According to the agreement, expected to be signed by President Tassos Papadopoulos in Boston this week, the government will fund the institute for the environment and public health, in association with the Harvard School of Public Health (HSPH) over a ten-year period at a total cost of $34 million, but the institute is expected to become self-sufficient after that period.
The government will also finance the construction of the premises, the cost of which is estimated to be in the range of an extra $21 million (£10 million).
The institute will offer training and research and have direct links with regional policy-makers in the fields of environment and issues affecting public health.
Scientists from Harvard will work alongside Cypriots, postgraduate and doctorate students and other professionals from around the world, researching the latest in advanced technologies in environment and public health.
The institute will comprise laboratories, training facilities, library, computer systems and offices, providing new opportunities for research into environmental technologies and public health. Its main functions will be to provide research, training and education and consultation services.
Commerce and Industry Minister George Lillikas has branded the project as a success saying it would “give Cyprus the possibility to play a leading role in the area of the Eastern Mediterranean on matters of the environment, and public health, as the only EU country in the region.”
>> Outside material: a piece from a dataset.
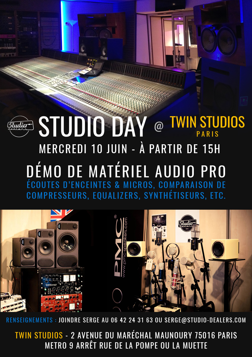Rendez-vous donc mercredi 10 juin à partir de 15h aux Twin Studios, 2 avenue du Maréchal Maunoury dans le 16e arrondissement de Paris (métro 9 Rue de la Pompe ou La Muette). Les places sont limitées, si vous souhaitez assister à l’évènement, contactez serge@studio-dealers.com.

But the decision has outraged private colleges on the island who accused the government of being indifferent in upgrading tertiary education to university standards.
Speaking to the Cyprus Mail yesterday Intercollege chairman Nicos Peristianis said the government’s decision was rash and was lacking in strategy and planning and wondered why it decided to donate £17 million to build the institute when it didn’t give a penny to local colleges.
“The decision could be seen as a good one because of Harvard’s presence on the island, but it’s not a part of a complete plan for tertiary education, a plan that we have been waiting to see for many years,” he said.
“Four years ago, the cabinet adopted a proposal to turn Cyprus into a regional and international training centre, but the move required government help to help colleges be acknowledged, to be turned into universities, to be connected with universities abroad and to receive state funding. None of this took place,” he added.
And the fact that Commerce and Industry Minister George Lillikas, who is in charge of the project is related to one of the professors at the university did little to convince observers there were no other motives.
“Imagine every minister having a cousin in a university and in order to help him a little, they create a research institute in his field,” Peristianis said.
“This should have been planned, there should be a strategy, the government should study ways of intergrading our colleges into this system.
“The problem is that they never did anything that resembled a complete plan.”
Peristianis said the government had not kept their promise to give land so that private colleges could build campuses.
“I just came from the north, where I visited the Eastern Mediterranean University, it’s a huge university, and we want 100 more years to reach that level,” he said.
“That’s because the government promoted five universities, and their smallest one is at least five times bigger than our institutes, even the University of Cyprus and they are more complete.”